By David F. Tolin, Ph.D. author of Buried In Treasures: Help for Compulsive Acquiring, Saving, and Hoarding.


In our hoarding clinic and research program, one of the most common inquiries I get goes something like this: “My [mother, father, sibling, friend, spouse, etc.] has a terrible hoarding problem. But he/she doesn’t seem to recognize that it’s a problem, and isn’t interested in doing anything about it. How can I make him/her see that this is a problem and get the help he/she so badly needs?”

The short answer: In most cases, you can’t. That is, assuming that your loved one is an adult who is legally competent to manage his/her own affairs (meaning he/she has not been declared incompetent by a judge and appointed a legal guardian), and the clutter is not immediately life-threatening, he/she has the right to hoard, even though the hoarding might have terrible consequences for his/her quality of life.

The long answer: Even though in most cases you can’t make the person do anything, you can alter your approach to minimize the likelihood of getting a defensive or “stubborn” reaction. Often, it’s tempting to start arguing with the person, trying to persuade them to see things the way you do. This kind of direct confrontation rarely works. We find that the best way to help people increase their motivation to work on the problem is to start with three key assumptions:

  1. Ambivalence is normal.
  2. People have a right to make their own choices.
  3. Nothing will happen until the person is ready to change.


Here are some general principles to guide your conversations:

Show Empathy. Showing empathy doesn’t necessarily mean that you agree with everything the person says. But it does mean you are willing to listen and to try to see things from the other person’s perspective.

Don’t Argue. There is simply no point in arguing about hoarding. The harder you argue, the more the person is likely to argue back. The only solution is to get out of the argument.

Respect Autonomy. Remember, most of you are dealing with an adult who has freedom of choice about his or her own possessions. Try to engage your loved one in a discussion (rather than an argument) about the home and his or her behavior. Ask your loved one what he or she wants to do, rather than just telling him or her what you want: “What do you think you would like to do about the clutter in the home?” “How do you suggest we proceed?”

Help the person recognize that his/her actions are inconsistent with his/her greater goals or values. Ask the person about his or her goals and values. “What’s really important to you in life?” “How would you like your life to be five years from now?” “What are your hopes and goals in life?” Discuss whether or not the person’s acquiring or difficulty organizing or getting rid of things fit with those goals and values.

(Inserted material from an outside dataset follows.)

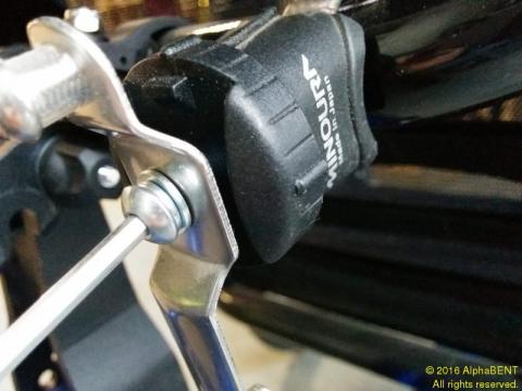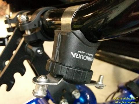 The BH-95X can make a strong mounting point not just for water bottle cages on the back of the rigid seat frame of an ICE recumbent trike, but also for suspending a Bionx electric motor battery.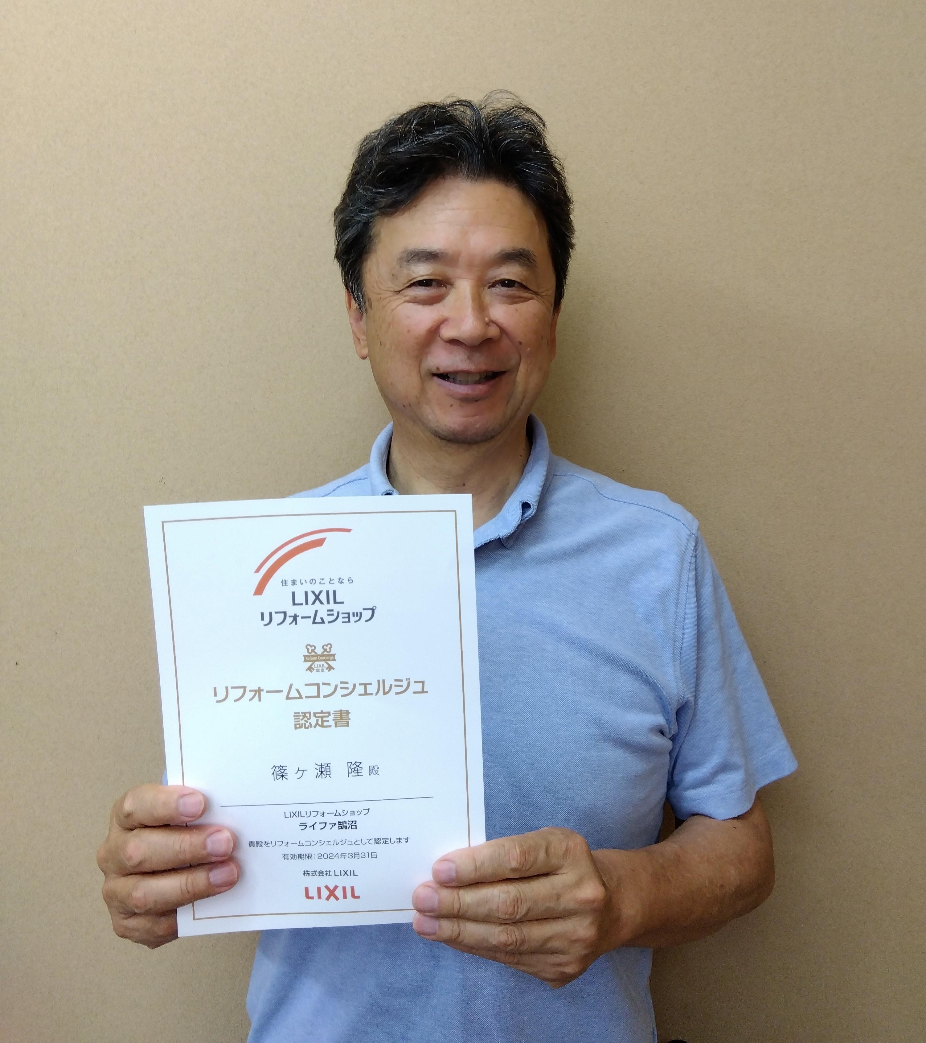 社長にLIXILの「リフォームコンシェルジュ」の認定書が届きました。

This is most effective if you ask, rather than tell. “How does the condition of your home fit with your desire to be a good grandmother?” “You’ve told me that friendships are very important to you; how well can you pursue that goal, given the way things are right now?”

If you have been accustomed to arguing and threatening and blaming, your new approaches will surprise your loved one and it may take a little time before the person begins to trust you. Try these methods in several conversations and notice whether the balance seems to be tilting in the right direction. If so, be patient and keep up the good work.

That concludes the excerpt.